Che risposta si è dato il Paese?
Da noi la percentuale di laureati è al 14%, la metà esatta della media OCSE e lontanissimi da quel 40% fissato dall’Europa come obiettivo per il 2020.
I dottori di ricerca non si sa neppure cosa sono (voi lo sapete?), figuriamoci se si sa cosa farsene. E qualcuno ha anche il coraggio di dire che da noi ci sono troppi laureati, che non servono (cit. ex-ministro, non chiacchiera da bar).

Oggi, Festa del Lavoro, vorrei che si parlasse anche delle richieste dei ricercatori italiani, che chiedono solo di difendere i (pochi) diritti acquisiti e rivendicano quelli che per altri sono la normalità (pochi anche questi, solo minima decenza). E ai quali piacerebbe che altri si interessassero a loro e ai loro diritti. Per sentirsi meno soli, quantomeno.

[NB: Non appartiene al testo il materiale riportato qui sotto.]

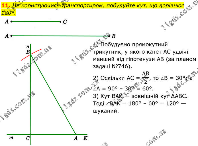 Не користуючись транспортиром, побудуйте кут, що дорівнює 120°. 1) Побудуємо прямокутний трикутник, у якого катет AC удвічі менший від гіпотенузи AB (за планом задачі №5113). 2) Оскільки AC = АВ/2, то ∠B = 30°; a ∠A = 90° – 30° = 60°. 3) Кут BAK — зовнішній кут ∆ABC. Тоді ∠BAK = 180° – 60° = 120° — шуканий.

Riccardo Giacconi, (Genova, 6 ottobre 1931) è un astrofisico italiano, Premio Nobel per la Fisica nel 2002. Attualmente professore alla Johns Hopkins e primo ricercatore per il progetto Chandra Deep Field-South con il Chandra X-ray Observatory della NASACome disse Riccardo Giacconi: “Finché in Italia fare il ricercatore non sarà considerata una professione come le altre, ma piuttosto una missione, come per frati e preti, non ci sarà neppure futuro per la Ricerca del Paese. Essa dovrebbe attrarre i cervelli migliori e valorizzarli, invece li mortifica e li costringe ad emigrare regalando ad altre nazioni la nostra materia prima migliore. E chi resta non è necessariamente il migliore, ma il più tenace, il più raccomandato, il più manipolato.”

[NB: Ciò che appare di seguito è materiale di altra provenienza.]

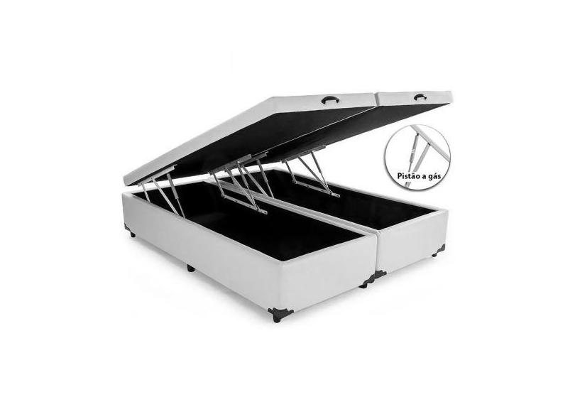 Cama Box com Baú casal Bipartido Sintético Branco - Real Comfort esto

Parola* di un Premio Nobel, di uno che è fuggito dall’Italia per gli Stati Uniti nel 1956 a 25 anni con una laurea in Fisica in tasca, dove negli Stati Uniti a 29 anni hanno affidato un intero gruppo di ricerca con milioni di dollari da gestire. Di colui che ha fondato l’astronomia a raggi X che ora da lavoro a decine di migliaia di persone.
Ma di cui noi non abbiamo saputo cosa farcene.

*tra le poche parole di Giacconi pronunciate in italiano, siccome Giacconi si rifiuta per protesta di parlare l’idioma italico da decenni. Queste provengono da un’intervista con Piero Angela dopo l’attribuzione del Nobel, nel 2002.